COVID-19 Group 2

Synopsis: Currently, consensus recommendations, such as those from the Society of Critical Care Medicine, recommend that COVID-19 patients requiring mechanical ventilation should be managed using a lung-protective strategy (ex. lower tidal volume, higher PEEP, early proning, etc.). However, as experience treating COVID-19 grows, Gattinoni et al describe two different “phenotypes” of COVID-19 lung disease, denoted Type L and Type H. The presentation of these two phenotypes are hypothesized to depend on severity of the infection and host response, ventilatory response of the patient to hypoxemia, and time elapsed between onset of the disease and hospitalization.

Type L is an an early disease phenotype, characterized by

1. Low elastance (high or normal compliance)
2. Low ventilation to perfusion ratio (ventilation is NORMAL and hypoxemia is due to vasoplegia and loss of hypoxic vasoconstriction)
3. Low lung weight (or normal lung weight where most ground glass densities are located subpleurally or along lung fissures)
4. Low recruitability (due to near normal lung volumes and low amounts of “non-aerated” tissue).

The authors postulate that Type L develops in the beginning of the disease, when there is only a modest amount of interstitial lung edema, as well as vasoplegia, which accounts for the patient’s hypoxemia. In this phase, the patient compensates by increasing minute ventilation via increased tidal volumes and respiratory rate, driving down PaCO2. Since they are still able to generate high tidal volumes and negative intrathoracic pressure, these patients do not typically present with dyspnea. However, this increase in minute ventilation can facilitate patient self-inflicted lung injury (P-SILI) due to the combination of negative inspiratory intrathoracic pressure and increased lung permeability due to inflammation. Increased edema generated by this process facilitates the transition to the Type H phenotype.

Type H is similar to “classic” ARDS and is characterized by

1. High elastance (low compliance)
2. High right-to-left shunt (secondary to cardiac output perfusing non-aerated areas of lung)
3. High lung weight (due to increased edema)
4. High lung recruitability (which is why recruitment maneuvers and proning are useful)

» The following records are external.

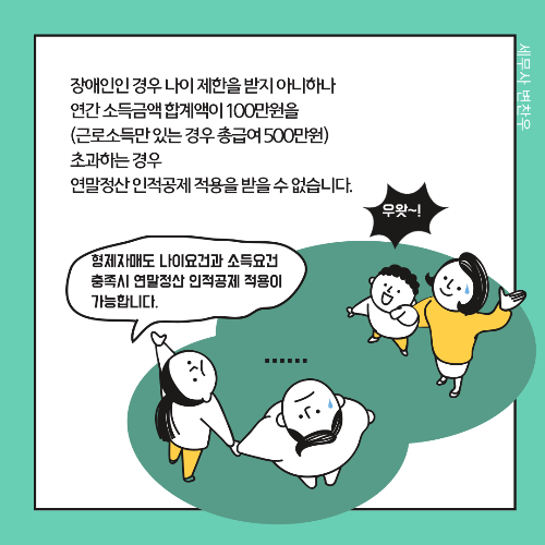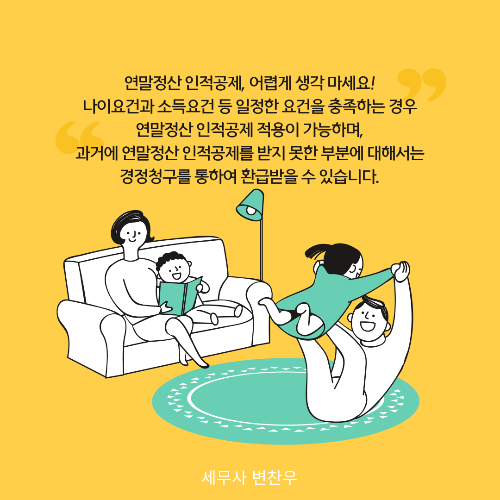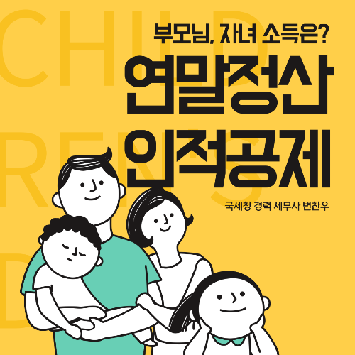 부모님과 자녀는 나이 요건과 소득 요건을 충족하는 경우 연말정산 인적공제 적용이 가능합니다. 생계를 같이하는 부양가족인 경우 받을 수 있는 연말정산 인적공제에 대하여 변찬우 세무사가 정리해 드릴게요.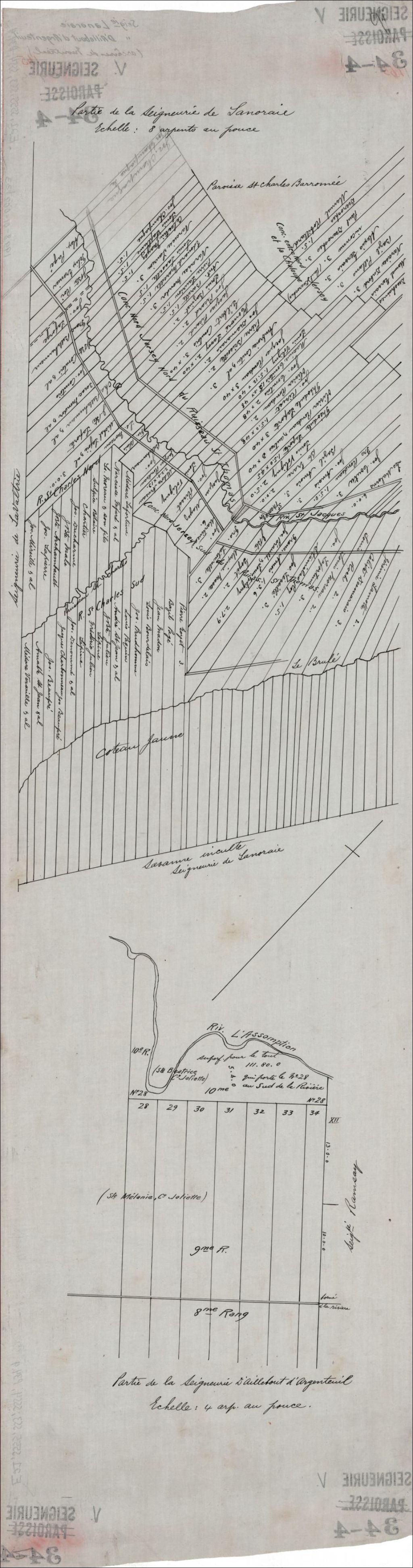 Plan d'une partie de la seigneurie de La Noraye. Plan d'une partie de la seigneurie D'Aillebout d'Argenteuil.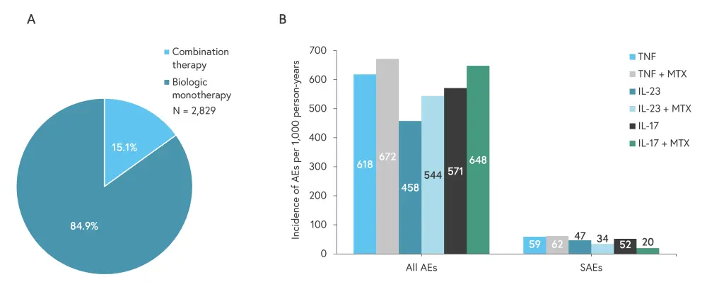 In moderate-to-severe cases of psoriasis, combinations of biologic drugs and conventional systemic drugs (e.g., methotrexate) are often prescribed.1 However, there is a lack of safety data available for these combinations.1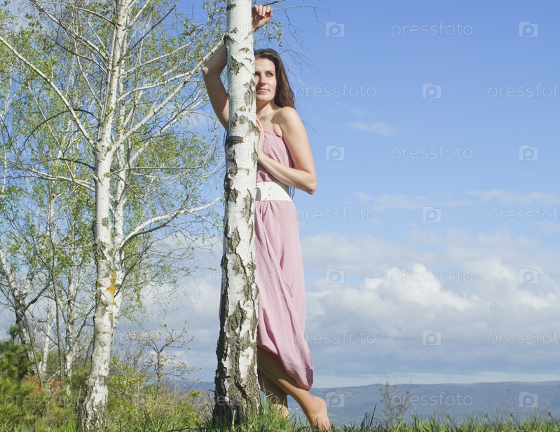 Стройная девушка в розовом платье в весеннем лесу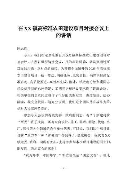 / 【七哥公文】2025年:在XX镇高标准农田建设项目对接会议上的讲话+更多免费公文+VX:QiGeGongWen2024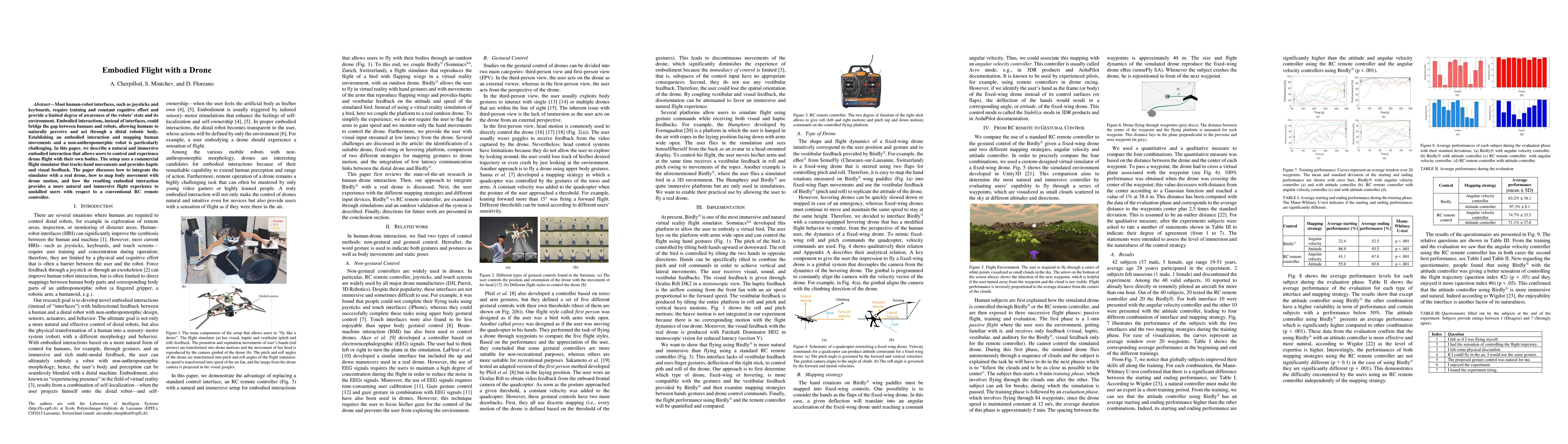 Most human-robot interfaces, such as joysticks and keyboards, require training and constant cognitive effort and provide a limited degree of awareness of the robots state and its environment. Embodied interactions, instead of interfaces, could bridge the gap between humans and robots, allowing humans to naturally perceive and act through a distal robotic body. Establishing an embodied interaction and mapping human movements and a non-anthropomorphic robot is particularly challenging. In this paper, we describe a natural and immersive embodied interaction that allows users to control and experience drone flight with their own bodies. The setup uses a commercial flight simulator that tracks hand movements and provides haptic and visual feedback. The paper discusses how to integrate the simulator with a real drone, how to map body movement with drone motion, and how the resulting embodied interaction provides a more natural and immersive flight experience to unskilled users with respect to a conventional RC remote controller.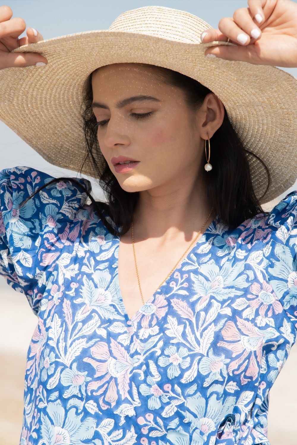 Wrap dresses are versatile and can be tied in multiple ways. This one is handblock printed in a blue brighter than the sky and has loads of volume and flounce. The puffed sleeves complete the look and tie it all together! Dress is down for a sunday brunch, or dress is up for an intimate dinner with friends.

Given the differences between these two phenotypes of COVID-19 lung disease, the authors propose the following treatments based on phenotype. Treatment of patients with Type L disease include reversing hypoxemia with increased FiO2 (especially if not dyspneic), consideration of non-invasive ventilation options in those who are dyspneic, and measurement of inspiratory pleural pressures, to prevent P-SILI. They also recommend modest increases in PEEP to prevent intrathoracic pressure changes (balanced with fact that high PEEPs might cause hemodynamic changes in the setting of normal compliance associated with Type L patients). The authors recommend early intubation once inspiratory pleural pressures increase. Initial ventilator management should include high tidal volumes and lower PEEP settings, if compliance remains normal. In addition, proning may be less useful, since lung volumes are theoretically normal. Once patients “convert” to Type H, traditional ARDS protocols for mechanical ventilation and adjuvant therapies should be employed.  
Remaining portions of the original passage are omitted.